Computing Comes to Life
Biochemical Circuits and Networks
The analogy between metabolic regulators and digital logic was already noticed 40 years ago. In 1961 Monod and Jacob wrote about genetic circuits and switching networks, and they described how activator and repressor proteins could be organized into systems that would function as memory elements and oscillators. Other authors soon explored the connection between molecular biology and digital computing in greater depth and detail; indeed, for several years the theme was a frequent one in the Journal of Theoretical Biology and the Bulletin of Mathematical Biophysics.
The main focus of these early studies was on using digital models as a way of understanding events in the living cell. The Boolean approximation was a way of avoiding an unwieldy analysis of a complex chemical web. To follow all those molecular interactions in complete detail would have required tracking the concentrations of innumerable molecular species, measuring the rates of chemical reactions, and solving hundreds of coupled differential equations. Pretending that every gene is either on or off reduced the problem to a simpler digital abstraction.
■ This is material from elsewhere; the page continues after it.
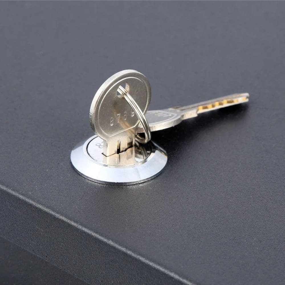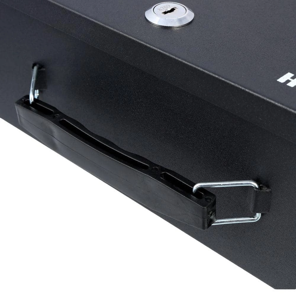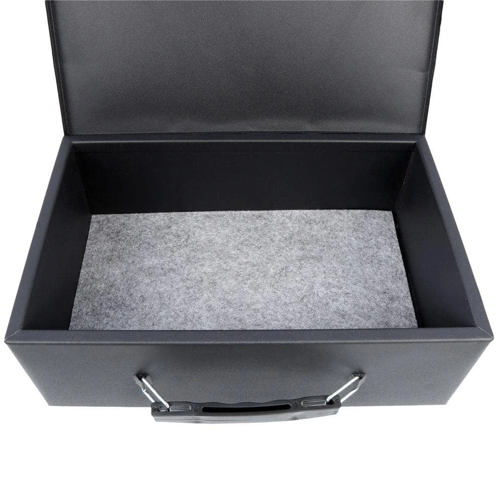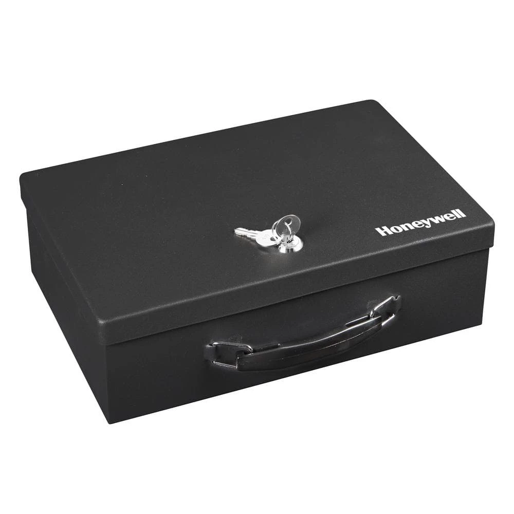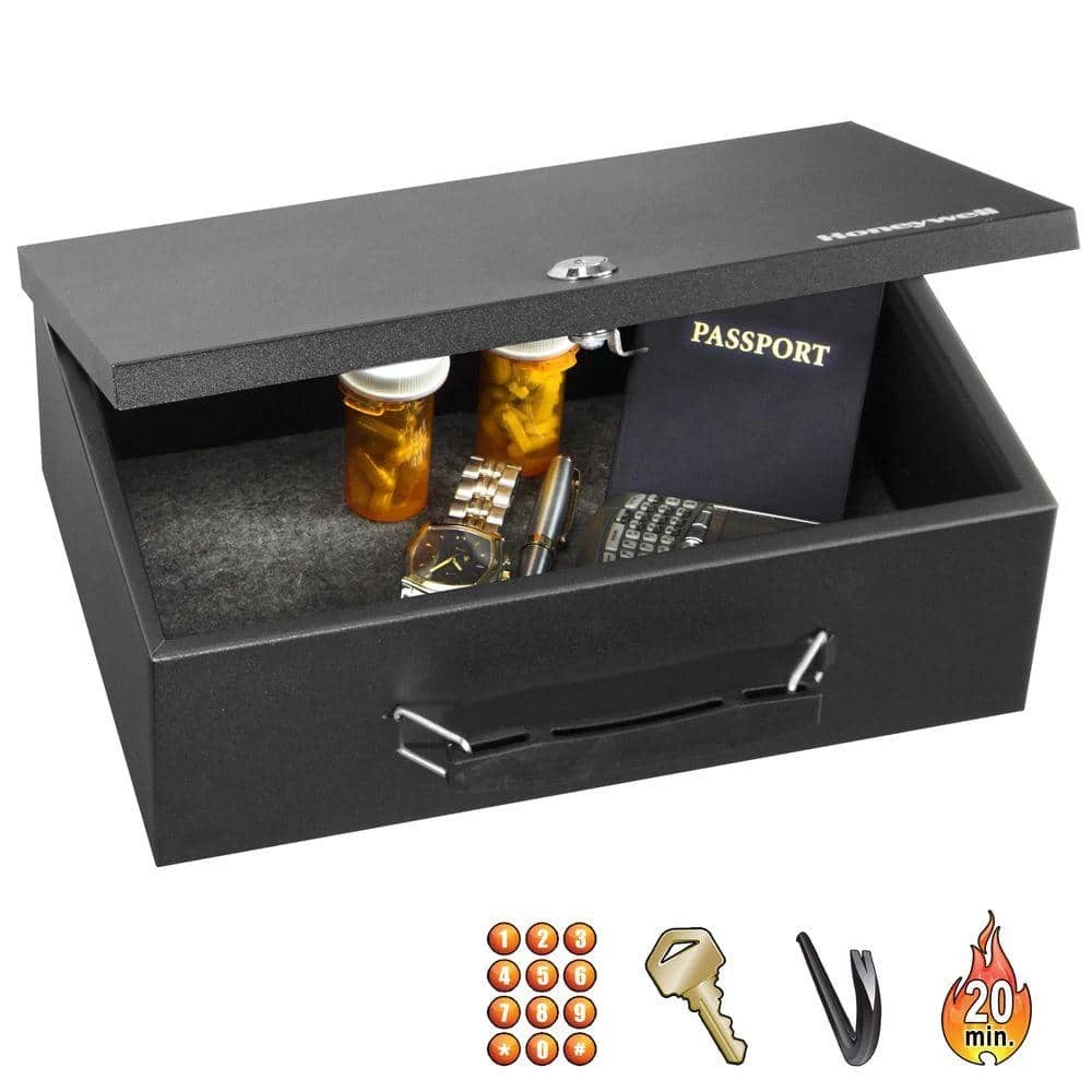 The Honeywell Model 6104 Fire Resistant Steel Security Box features a double steel wall construction with a fire resistant insulation. This safe also features 0.17 cu. ft. storage capacity, a concealed hinge, foam padded floor, scratch resistant powder coat finish and a convenient carry handle. This security box is small, lightweight and big enough to store small documents, personal items, passports or a cell phone. Includes 2 entry keys. Backed by a 1-year limited warranty.
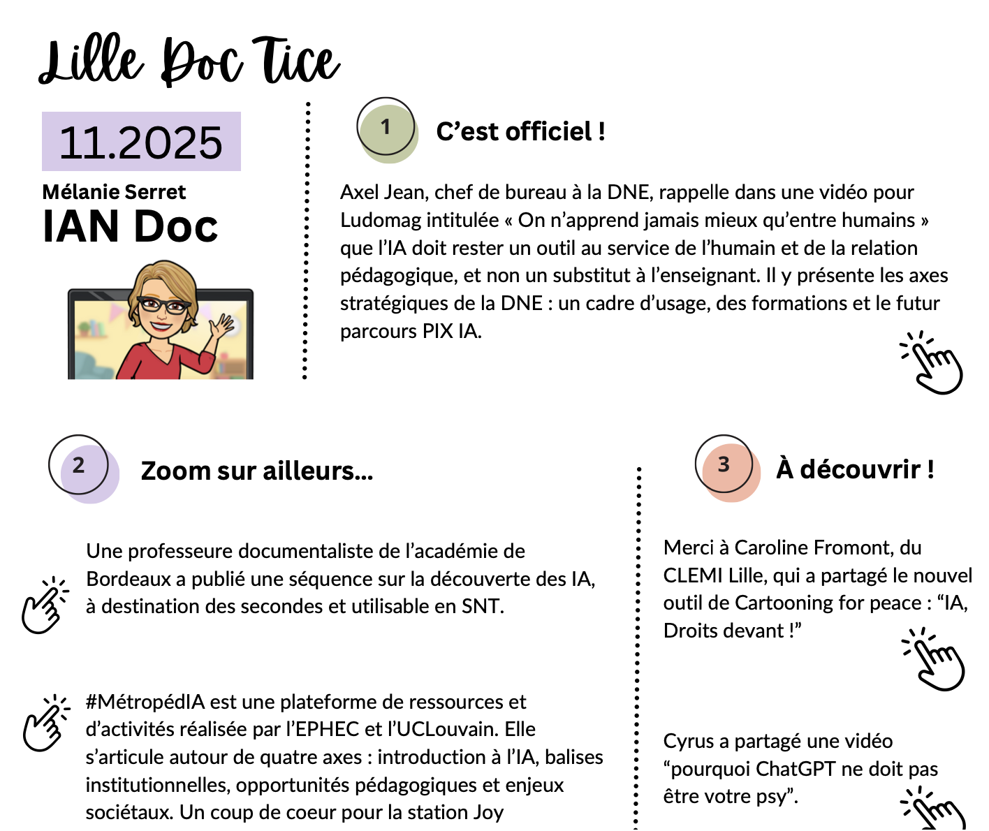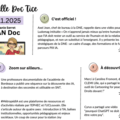 Dans ce numéro de Lille Doc Tice, on retrouve le cadrage ministériel sur l’IA en affiche, des scénarios pédagogiques proposés par des collègues d’autres académies et quelques ressources sur les réseaux sociaux et les algorithmes de recommandation. Bonne lecture, et bonne rentrée !

The biological computer turns this idea upside down. Instead of constructing a computational model of biochemistry, you exploit quasi-Boolean biochemistry to do computing. This notion also has a history. In the 1970s Otto Rössler analyzed various coupled systems of chemical reactions that could implement the abstract computers called finite automata. More recently, other groups have looked at schemes of computing based on the catalytic activities of enzymes.
The most novel plan for biologically inspired computing was conceived by Leonard M. Adleman of the University of Southern California. His basic idea is to use the complementary base-pairing of DNA as a pattern-matching engine. Adleman himself and others have demonstrated the feasibility of this idea in experiments where vials of DNA carry out computational tasks in number theory and combinatorics.